United States District Court, S.D. Alabama, Southern Division

April 4, 2019

CITY OF MOBILE, ALABAMA, et al., Defendants.



         Plaintiff, who is proceeding pro se and in forma pauperis (Doc. 11), filed a complaint under 42 U.S.C. § 1983 and the Americans with Disability Act (”ADA”).[1] In screening Plaintiff's complaint, as required by the 28 U.S.C. § 1915(e)(B)(2), the undersigned found deficiencies in his complaint and ordered that he file amended complaints to cure the noted deficiencies in an effort to have a proper complaint before the Court. Pelletier v. Zweifel, 921 F.2d 1465, 1522 (11th Cir. 1991)(requiring a court to “intervene at the earliest possible moment in the proceeding” when faced with a complaint that does not comply with the Federal Rules of Civil Procedure and require the plaintiff to replead his entire case), abrogated on other grounds Douglas Asphalt Co. v. QORE, Inc., 657 F.3d 1146, 1151 (11th Cir. 2011). Because Plaintiff did not comply with the Court's orders to plead a complying amended complaint after being given several opportunities to do so, it is recommended that this action be dismissed with prejudice, prior to service of process, for failure to comply with the Court's orders.
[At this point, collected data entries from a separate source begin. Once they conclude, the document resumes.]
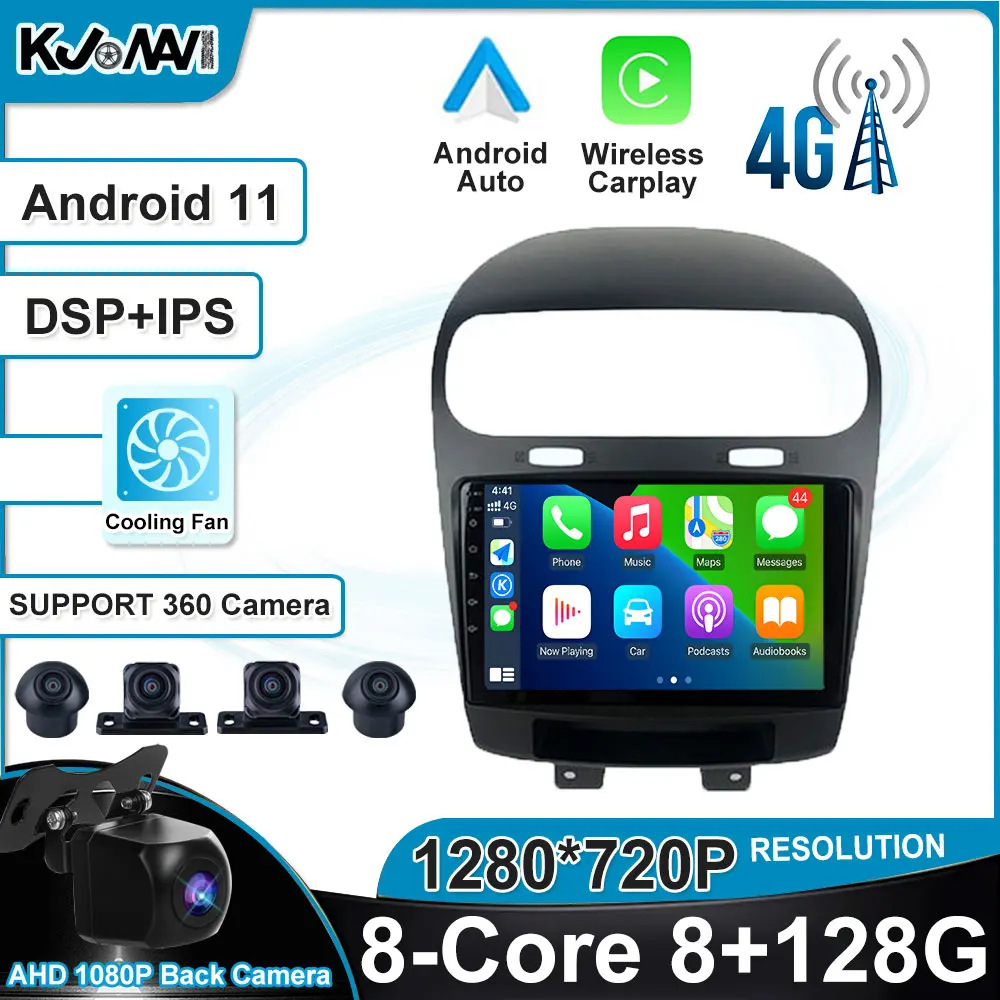 Автомобильный радиоприемник DSP IPS Android 11, мультимедийный стерео проигрыватель с Wi-Fi, GPS-навигацией, без DVD для Jeep Dodge Journey Fiat Freemont 2012-2020
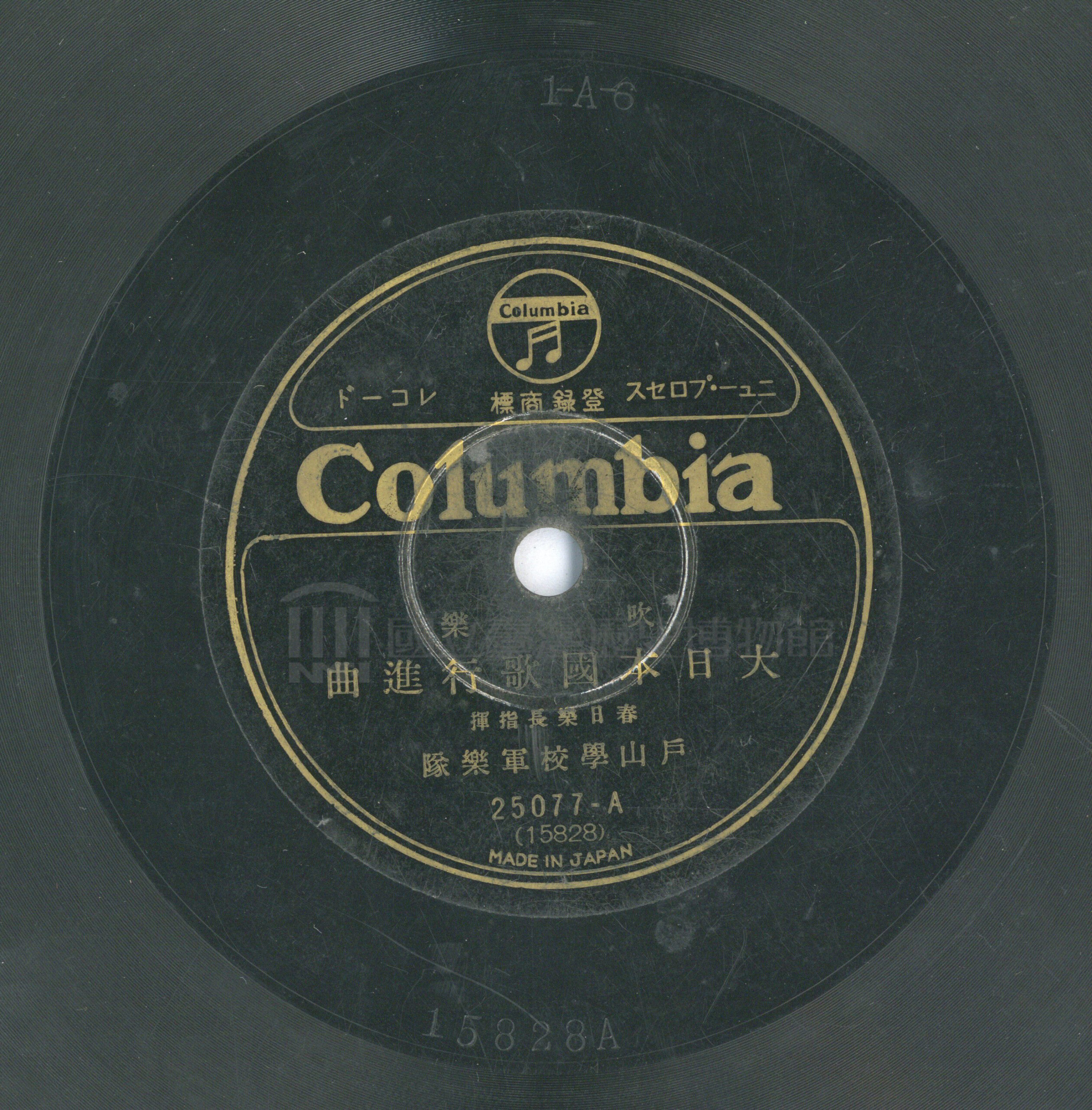 大日本國歌行進曲 關鍵詞#進行 #軍歌 #吹奏樂內容春日樂長 指揮聲音載體留聲機唱片發行編號日本コロムビア (古倫美亞)25077專輯年份《吹奏樂:大日本國歌行進曲、軍艦行進曲》1935其他曲目曲目-軍艦行進曲來源專案臺史博館藏錄音 相關照片
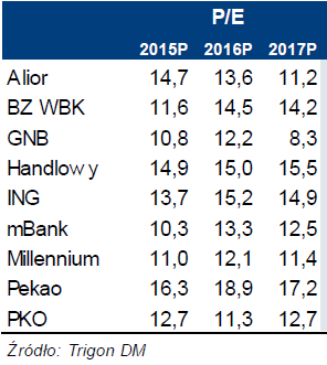 Warto tu zwrócić uwagę, że banki ze względu na swą wagę w głównych indeksach (35% w WIG20 i 28% w WIG) współdecydowały także o ich tegorocznej słabości (WIG -9% od początku roku). Jeśli tezy analityków Trigon i BZ WBK są trafne, to będzie o jedną "kulę u nogi" mniej (problematyczna pozostaje jeszcze sytuacja energetyki ze względu na przymusowy mariaż z nierentownymi kopalniami, oraz KGHM ze względu na surowcową bessę).

         “A district court has inherent authority to manage its own docket ‘so as to achieve the orderly and expeditious disposition of cases.'” Equity Lifestyle Properties, Inc. v. Florida Mowing & Landscaping Serv., Inc., 556 F.3d 1232, 1240 (11th Cir. 2009)(quoting Chambers v. NASCO, Inc., 501 U.S. 32, 43, 111 S.Ct. 2123, 2132, 115 L.Ed.2d 27 (1991)). The Court's management of cases includes requiring a plaintiff to re-plead a complaint to avoid “the expenditure of much time and effort” by the court and a defendant in deciphering the pleadings as best they can. Pelletier, 921 F.2d at 1522. The objective is to have a complaint that provides fair or adequate notice of plaintiff's claims to the defendants and the court. Weiland v. Palm Beach Cty. Sheriff's Office, 792 F.3d 1313, 1323 (11th Cir. 2015).[2] When a plaintiff does not comply with a court's order, a district court has the discretion to “dismiss a claim if the plaintiff fails to prosecute it or comply with [the Federal Rules of Civil Procedure or] a court order.” Fed.R.Civ.P. 41(b). “‘The power to invoke this sanction is necessary in order to prevent undue delays in the disposition of pending cases and to avoid congestion in the calendars of the District Court.'” Equity Lifestyle Prop., 556 F.3d at 1240 (quoting Durham v. Fla. East Coast Ry. Co., 385 F.2d 366, 367 (5th Cir. 1967)).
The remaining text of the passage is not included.